Speculative Decoding for Verilog: Speed and Quality, All in One
Changran Xu, Yi Liu, Yunhao Zhou, Shan Huang, Ningyi Xu, Qiang Xu
TL;DR
This work tackles Verilog code generation with large language models, addressing tokenization and syntactic challenges that arise from Verilog's rigid grammar and limited training data. It introduces syntax-enriched speculative decoding, combining multiple decoding heads with tokens aligned to syntactically significant fragments derived from ASTs, to accelerate inference while preserving structural correctness.

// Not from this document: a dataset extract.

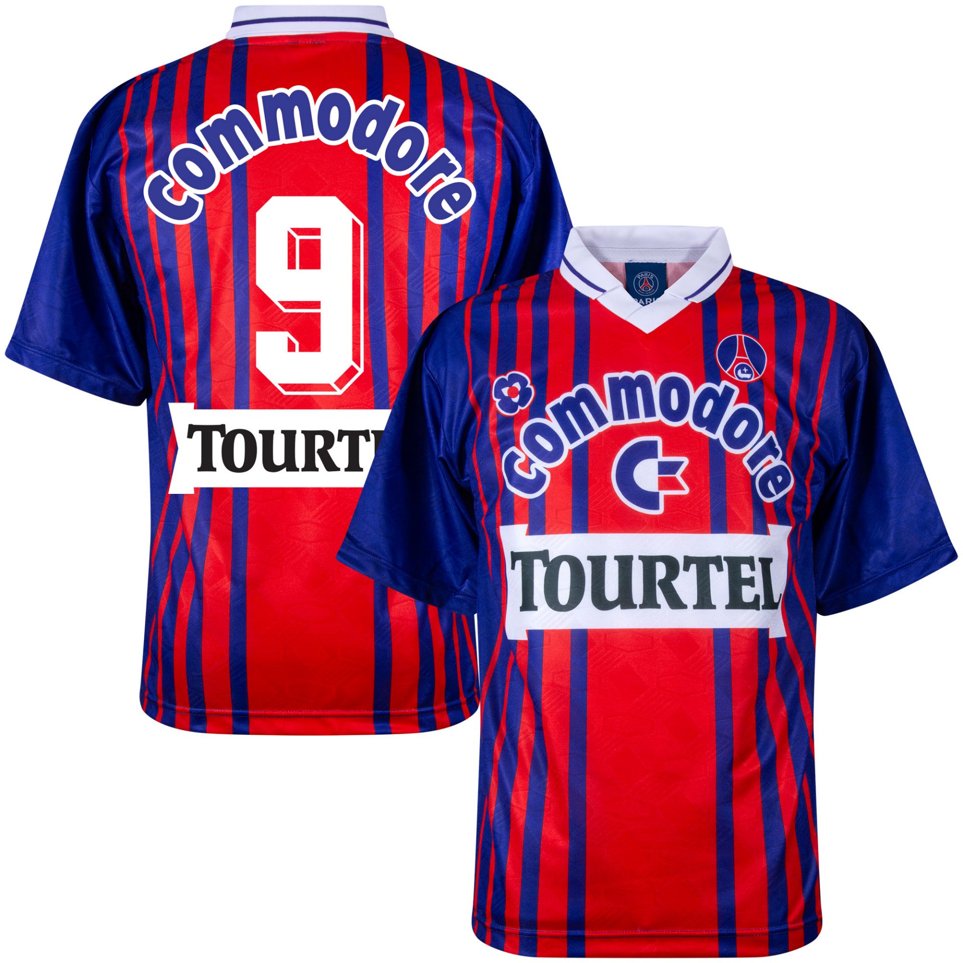Le maillot domicile rétro PSG 1993-1994 présente les couleurs traditionnelles rouge et bleu avec les bandes verticales caractéristiques. Les logos historiques des sponsors Commodore et Tourtel apparaissent sur la poitrine. L’écusson officiel du club est placé sur la poitrine gauche.

The approach leverages 10 decoding heads and a syntax-aware labeling scheme, evaluated on CodeLlama and CodeT5p baselines, and yields substantial improvements in both speed (up to 5.05x) and functional/syntactic accuracy (up to 17.19% on RTLLM and significant gains over Medusa and NTP). Practically, this method demonstrates that aligning decoding with language syntax can make Verilog generation more reliable and efficient for hardware design tasks, expanding the applicability of LLMs to specialized programming languages.
Abstract
The rapid advancement of large language models (LLMs) has revolutionized code generation tasks across various programming languages. However, the unique characteristics of programming languages, particularly those like Verilog with specific syntax and lower representation in training datasets, pose significant challenges for conventional tokenization and decoding approaches. In this paper, we introduce a novel application of speculative decoding for Verilog code generation, showing that it can improve both inference speed and output quality, effectively achieving speed and quality all in one. Unlike standard LLM tokenization schemes, which often fragment meaningful code structures, our approach aligns decoding stops with syntactically significant tokens, making it easier for models to learn the token distribution. This refinement addresses inherent tokenization issues and enhances the model's ability to capture Verilog's logical constructs more effectively. Our experimental results show that our method achieves up to a 5.05x speedup in Verilog code generation and increases pass@10 functional accuracy on RTLLM by up to 17.19% compared to conventional training strategies. These findings highlight speculative decoding as a promising approach to bridge the quality gap in code generation for specialized programming languages.